At the meeting I suggested that the Cumberland GP practice could share Devonport health centre’s brand-new building, which has space and operates as a federation, sharing receptionists and back-room staff. This was supported by everyone present. Indeed, the city council’s health and wellbeing board also supported it following an inquiry that recommended measures to allow the Cumberland GP practice to continue. However, I understand that Devonport healthcare might not be willing to do this, and it appears that the Devonport community may be deprived of a second GP practice and that patients will have no choice in which doctor they can go to.

I have also had representations from patients at both Hyde Park and St Barnabas surgeries. At Hyde Park, although Dr Stephen Warren is keen to continue as a GP following a heart attack, he has transferred the ownership of his practice to Access Health Care, as he no longer wishes to deal with the back-room tasks of administration, which is part of running a practice. He argues that his and his partner’s growing 2,800 practice—the Cumberland is growing as well—has attracted outstanding reviews and he would not be able to inform his patients where he was going if he relocated to another practice. He also thinks that some patients like to have a relationship with an individual doctor who they can see speedily rather than having to wait weeks.

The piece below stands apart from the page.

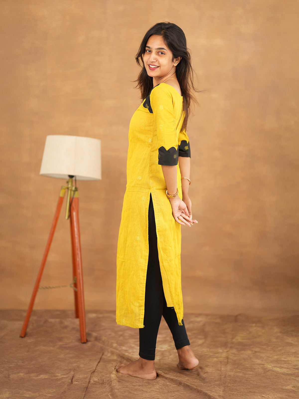 A vibrant mustard yellow kurta with subtle embroidered patterns and contrasting black accents. The chic neckline cutout and minimal detailing make it a versatile choice for casual outings or semi-formal gatherings.
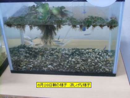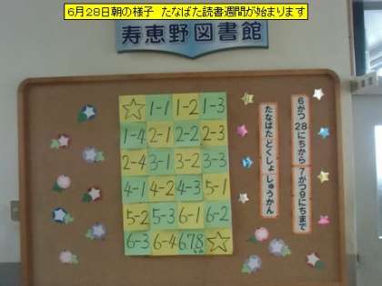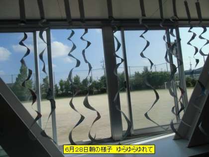 1年生の教室では、図工の作品「ゆらゆらゆれて」が風が吹くと涼しげに揺れています。5年生の教室ではメダカが水槽の中でゆったりと泳いでいます。今日から、「たなばた読書週間」がスタートします。図書室前には大きなパネルが用意されていました。クラスの目標が達成されるとパネルが開かれます。どんなパネルか楽しみにしたいと思います。今日も、1日がスタートしました。

The St Barnabas surgery, which is also run by Access Health Care, was set up in a new development next to a residential care home for the elderly where patients do not have to walk far to get to it. In all three cases, NHS England, for supposedly technical reasons, gave patients only 24 hours’ notice of their initial engagement. I must say I found the public consultation process utterly appalling. I wrote to NHS England asking it to give more time to engage with local communities, and I am grateful that it bothered to listen.

On Friday, at my weekly constituency surgery, I was asked to write to NHS England to ask whether it had engaged with other GP surgeries and with Derriford hospital and whether it had consulted them, because some GPs will have to accommodate more patients. That is a big issue.

There are wider issues in all this. At the moment, commissioners in north, east and west Devon spend a higher amount of money in east Devon than in the more deprived western locality. The Government’s success regime is keen to correct that, so that resources are focused on deprived communities such as Devonport. Finally, we need to make much more use of pharmacies. As my hon. Friend the Minister knows, I am the Government’s pharmacy champion. What are we going to do to make sure we have pharmacy funding and how will that operate?